A deep learning method that had formerly demonstrated favorable performance in forecasting problems was used by scientists from the Department of Computer Systems Engineering at Universidad Politécnica de Madrid, in partnership with the University of Strathclyde (UK), to predict the F10.7 solar radio flux over days-ahead timescales pertinent to space operations.
The F10.7 index, which is a measurement of the strength of solar radio emissions with a wavelength of 10.7 cm, is used as a substitute for solar activity, a key driver in deviations in the density of the atmosphere, and consequently atmospheric drag.
As atmospheric drag is one of the most noticeable sources of variability in the orbit prediction of the satellites in the Low Earth Orbit (LEO), the exact modeling of this index is of great significance to help estimate the positions of space debris and satellites, and guarantee no collisions take place.
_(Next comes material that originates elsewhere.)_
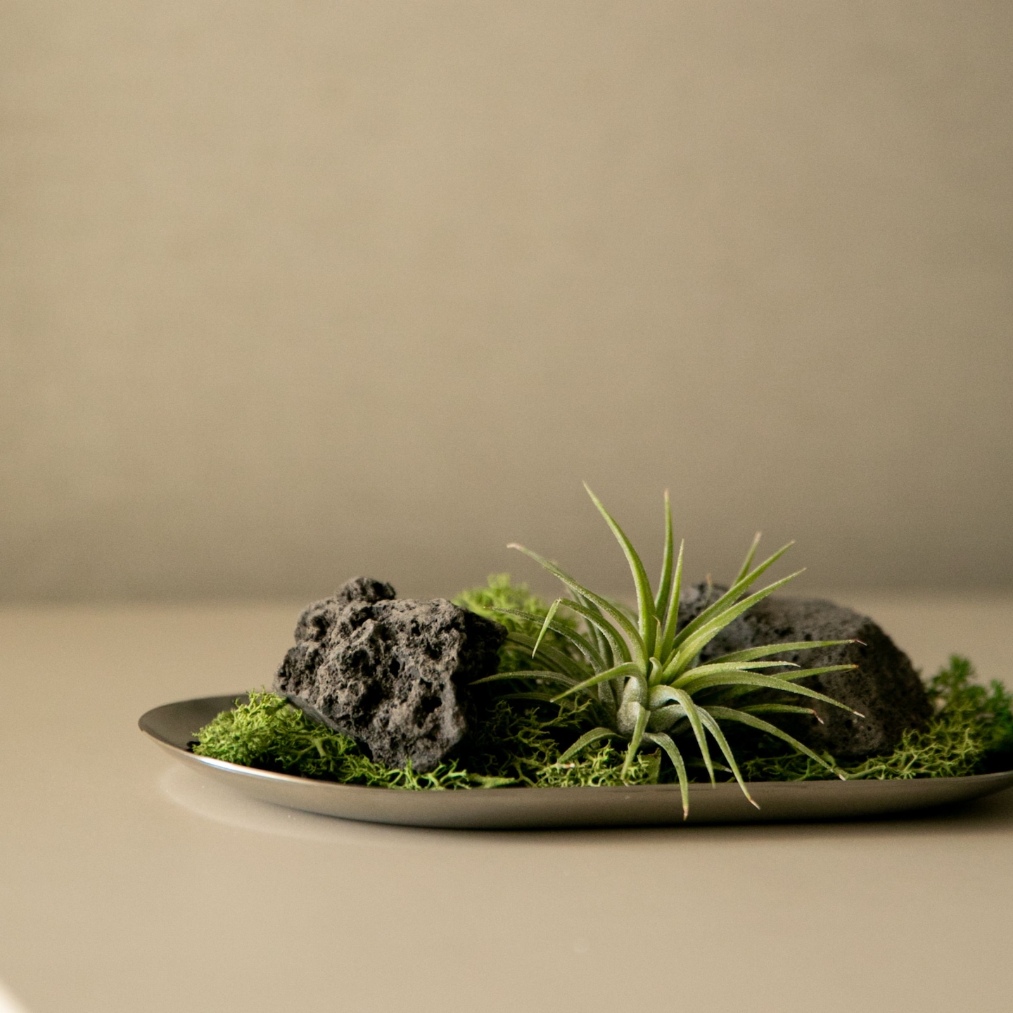 이오난사(틸란드시아)는 뿌리 없이도 공기 중의 수분과 영양분을 흡수하며 자라는 식물이라 흙이 필요하지 않아요. 그래서 거실, 침실, 주방, 심지어는 욕실 선반 위에도 쉽게 두고 관리할 수 있다는 점이 큰 장점이었습니다.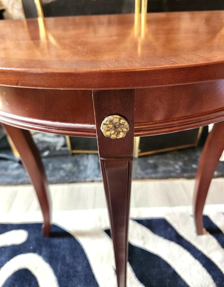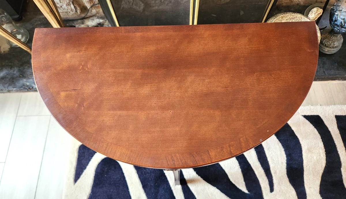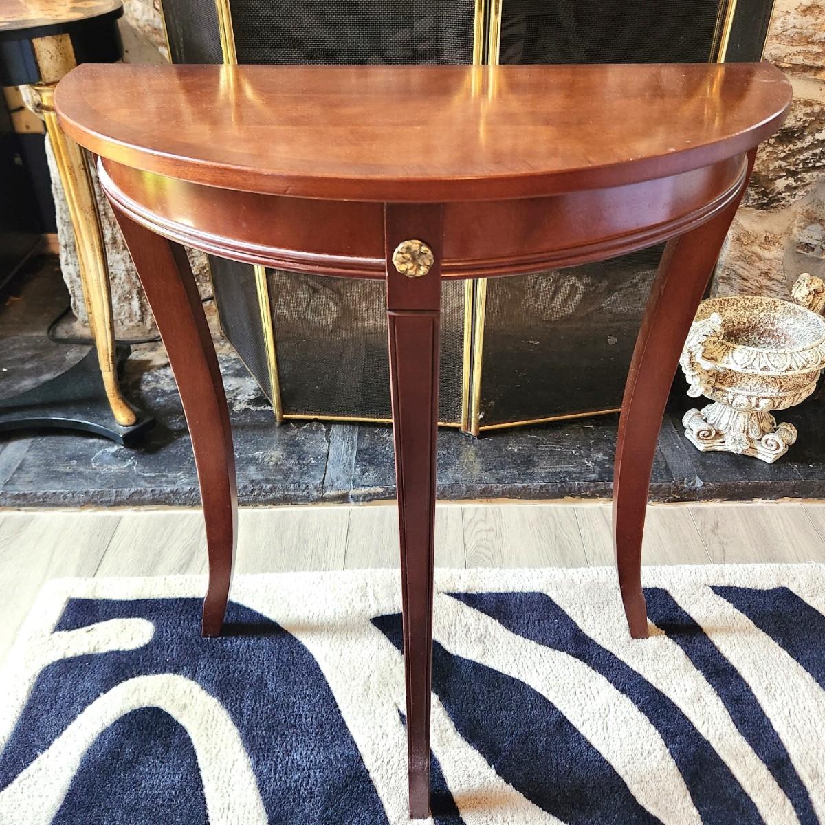 Pretty Bombay Company (marked) demi-lune table, 3 legs, 27.5" tall, 2 ft across. Good Gently used condition. A classic design.

The approach used for the development of this model is based on the application of Deep Learning techniques, more precisely, using a new method based on Deep Residual Networks. This technique, based on the neural network architecture “N-BEATS” was established to be effective in single-point forecasting up to 27-days ahead, as well as able to estimate the uncertainty in the forecast using a collection of models.
The researchers discovered that the N-BEATS model outclassed two forecast tools currently used by space operators: one statistical (provided by BGS, ESA) and one multi-flux shallow neural network (by CLS, CNES).
With an increasing number of private companies providing services in space, the results of this study are crucial for the space sector, as they can be used to create tools to predict the drag conditions soon and render more precise orbit predictions.
Stevenson, E., et al. (2021) A Deep Learning Approach to Solar Radio Flux Forecasting. Acta Astronautica. doi.org/10.1016/j.actaastro.2021.08.004.